───── Given material ─────

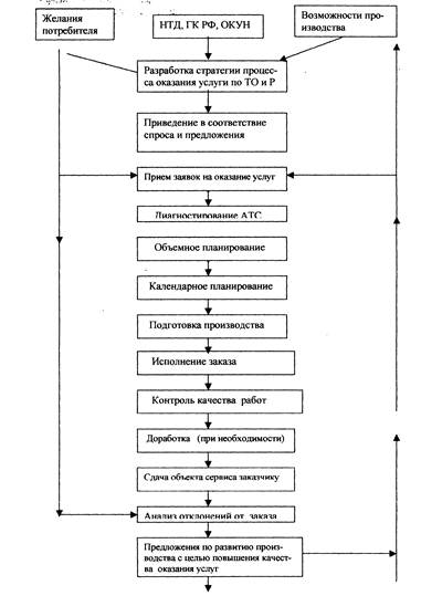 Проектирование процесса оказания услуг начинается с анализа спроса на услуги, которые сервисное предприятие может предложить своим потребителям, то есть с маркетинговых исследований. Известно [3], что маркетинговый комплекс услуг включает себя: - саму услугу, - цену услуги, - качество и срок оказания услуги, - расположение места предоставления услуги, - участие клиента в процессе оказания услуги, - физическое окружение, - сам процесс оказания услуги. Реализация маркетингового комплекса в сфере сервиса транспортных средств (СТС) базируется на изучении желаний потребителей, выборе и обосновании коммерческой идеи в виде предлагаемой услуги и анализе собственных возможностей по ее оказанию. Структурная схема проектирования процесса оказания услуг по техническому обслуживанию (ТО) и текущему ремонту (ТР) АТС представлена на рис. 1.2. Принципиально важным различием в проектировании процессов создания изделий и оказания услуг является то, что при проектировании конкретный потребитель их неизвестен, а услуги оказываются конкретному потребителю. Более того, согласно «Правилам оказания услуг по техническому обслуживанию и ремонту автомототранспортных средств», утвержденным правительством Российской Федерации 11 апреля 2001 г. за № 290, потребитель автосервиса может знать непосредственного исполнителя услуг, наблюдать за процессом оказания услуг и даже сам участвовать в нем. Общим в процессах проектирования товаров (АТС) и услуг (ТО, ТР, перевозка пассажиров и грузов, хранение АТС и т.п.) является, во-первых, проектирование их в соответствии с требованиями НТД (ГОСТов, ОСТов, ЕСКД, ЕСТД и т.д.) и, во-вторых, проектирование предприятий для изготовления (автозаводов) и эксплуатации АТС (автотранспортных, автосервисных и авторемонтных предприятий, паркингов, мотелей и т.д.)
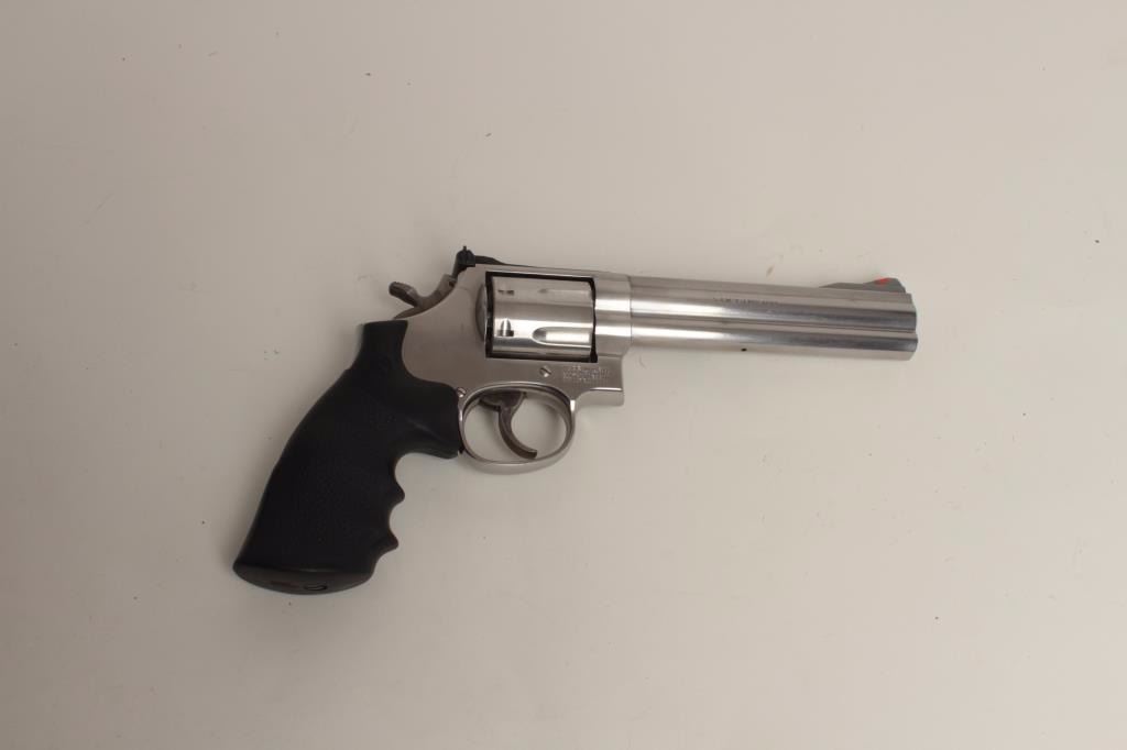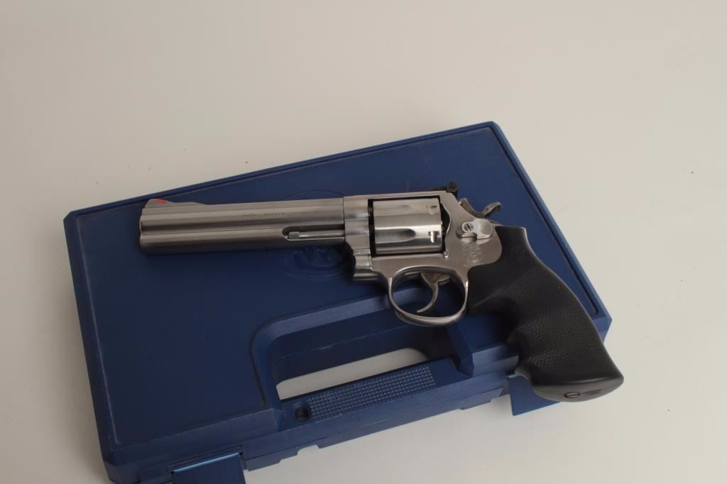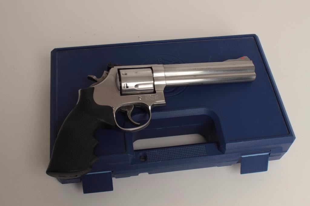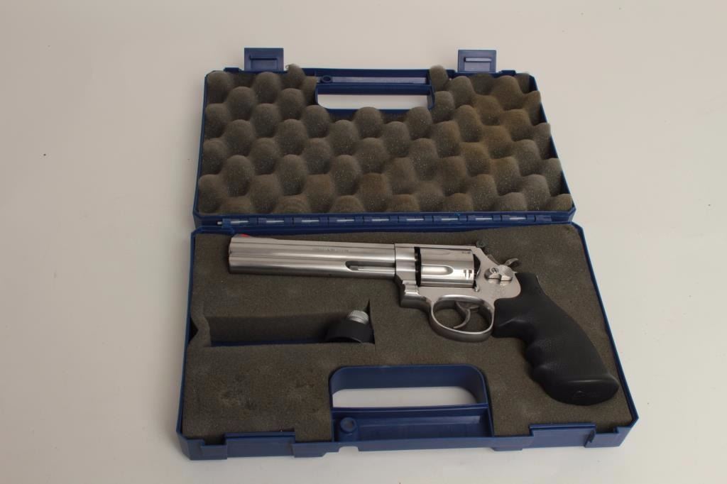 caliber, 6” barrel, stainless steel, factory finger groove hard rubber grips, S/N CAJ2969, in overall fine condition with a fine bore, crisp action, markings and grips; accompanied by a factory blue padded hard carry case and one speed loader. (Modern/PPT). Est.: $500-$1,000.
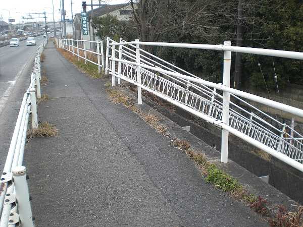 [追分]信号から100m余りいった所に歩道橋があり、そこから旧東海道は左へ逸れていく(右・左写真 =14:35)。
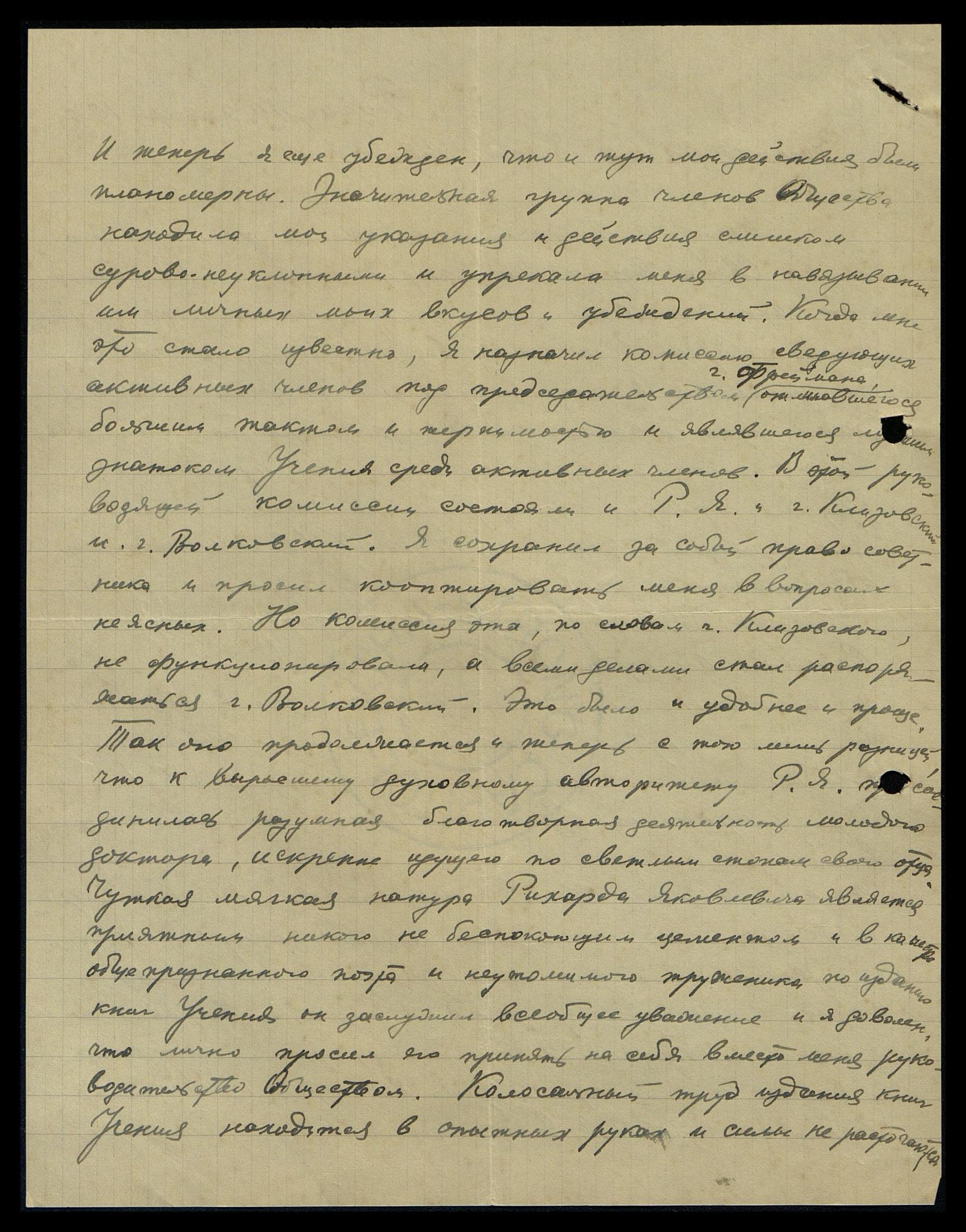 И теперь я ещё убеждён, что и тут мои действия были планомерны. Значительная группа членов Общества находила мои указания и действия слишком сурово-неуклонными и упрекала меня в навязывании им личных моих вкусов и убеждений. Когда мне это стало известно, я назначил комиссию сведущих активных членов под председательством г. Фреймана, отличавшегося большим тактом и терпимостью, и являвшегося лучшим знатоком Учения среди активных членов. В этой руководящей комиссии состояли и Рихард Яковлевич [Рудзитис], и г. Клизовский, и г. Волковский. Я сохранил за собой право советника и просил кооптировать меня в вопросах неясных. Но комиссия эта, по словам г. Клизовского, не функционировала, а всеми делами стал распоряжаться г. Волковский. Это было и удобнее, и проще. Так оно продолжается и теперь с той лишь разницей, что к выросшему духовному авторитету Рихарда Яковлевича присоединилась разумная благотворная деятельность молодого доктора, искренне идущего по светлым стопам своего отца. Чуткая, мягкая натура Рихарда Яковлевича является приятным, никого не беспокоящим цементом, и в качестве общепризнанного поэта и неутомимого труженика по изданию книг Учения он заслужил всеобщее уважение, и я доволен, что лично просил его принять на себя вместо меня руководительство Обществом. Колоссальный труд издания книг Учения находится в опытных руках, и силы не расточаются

─────

What you will do:
Once the images are set aside, retype all of the material above exactly.

Problem solution:
 Проектирование процесса оказания услуг начинается с анализа спроса на услуги, которые сервисное предприятие может предложить своим потребителям, то есть с маркетинговых исследований. Известно [3], что маркетинговый комплекс услуг включает себя: - саму услугу, - цену услуги, - качество и срок оказания услуги, - расположение места предоставления услуги, - участие клиента в процессе оказания услуги, - физическое окружение, - сам процесс оказания услуги. Реализация маркетингового комплекса в сфере сервиса транспортных средств (СТС) базируется на изучении желаний потребителей, выборе и обосновании коммерческой идеи в виде предлагаемой услуги и анализе собственных возможностей по ее оказанию. Структурная схема проектирования процесса оказания услуг по техническому обслуживанию (ТО) и текущему ремонту (ТР) АТС представлена на рис. 1.2. Принципиально важным различием в проектировании процессов создания изделий и оказания услуг является то, что при проектировании конкретный потребитель их неизвестен, а услуги оказываются конкретному потребителю. Более того, согласно «Правилам оказания услуг по техническому обслуживанию и ремонту автомототранспортных средств», утвержденным правительством Российской Федерации 11 апреля 2001 г. за № 290, потребитель автосервиса может знать непосредственного исполнителя услуг, наблюдать за процессом оказания услуг и даже сам участвовать в нем. Общим в процессах проектирования товаров (АТС) и услуг (ТО, ТР, перевозка пассажиров и грузов, хранение АТС и т.п.) является, во-первых, проектирование их в соответствии с требованиями НТД (ГОСТов, ОСТов, ЕСКД, ЕСТД и т.д.) и, во-вторых, проектирование предприятий для изготовления (автозаводов) и эксплуатации АТС (автотранспортных, автосервисных и авторемонтных предприятий, паркингов, мотелей и т.д.)
 caliber, 6” barrel, stainless steel, factory finger groove hard rubber grips, S/N CAJ2969, in overall fine condition with a fine bore, crisp action, markings and grips; accompanied by a factory blue padded hard carry case and one speed loader. (Modern/PPT). Est.: $500-$1,000.
 [追分]信号から100m余りいった所に歩道橋があり、そこから旧東海道は左へ逸れていく(右・左写真 =14:35)。
 И теперь я ещё убеждён, что и тут мои действия были планомерны. Значительная группа членов Общества находила мои указания и действия слишком сурово-неуклонными и упрекала меня в навязывании им личных моих вкусов и убеждений. Когда мне это стало известно, я назначил комиссию сведущих активных членов под председательством г. Фреймана, отличавшегося большим тактом и терпимостью, и являвшегося лучшим знатоком Учения среди активных членов. В этой руководящей комиссии состояли и Рихард Яковлевич [Рудзитис], и г. Клизовский, и г. Волковский. Я сохранил за собой право советника и просил кооптировать меня в вопросах неясных. Но комиссия эта, по словам г. Клизовского, не функционировала, а всеми делами стал распоряжаться г. Волковский. Это было и удобнее, и проще. Так оно продолжается и теперь с той лишь разницей, что к выросшему духовному авторитету Рихарда Яковлевича присоединилась разумная благотворная деятельность молодого доктора, искренне идущего по светлым стопам своего отца. Чуткая, мягкая натура Рихарда Яковлевича является приятным, никого не беспокоящим цементом, и в качестве общепризнанного поэта и неутомимого труженика по изданию книг Учения он заслужил всеобщее уважение, и я доволен, что лично просил его принять на себя вместо меня руководительство Обществом. Колоссальный труд издания книг Учения находится в опытных руках, и силы не расточаются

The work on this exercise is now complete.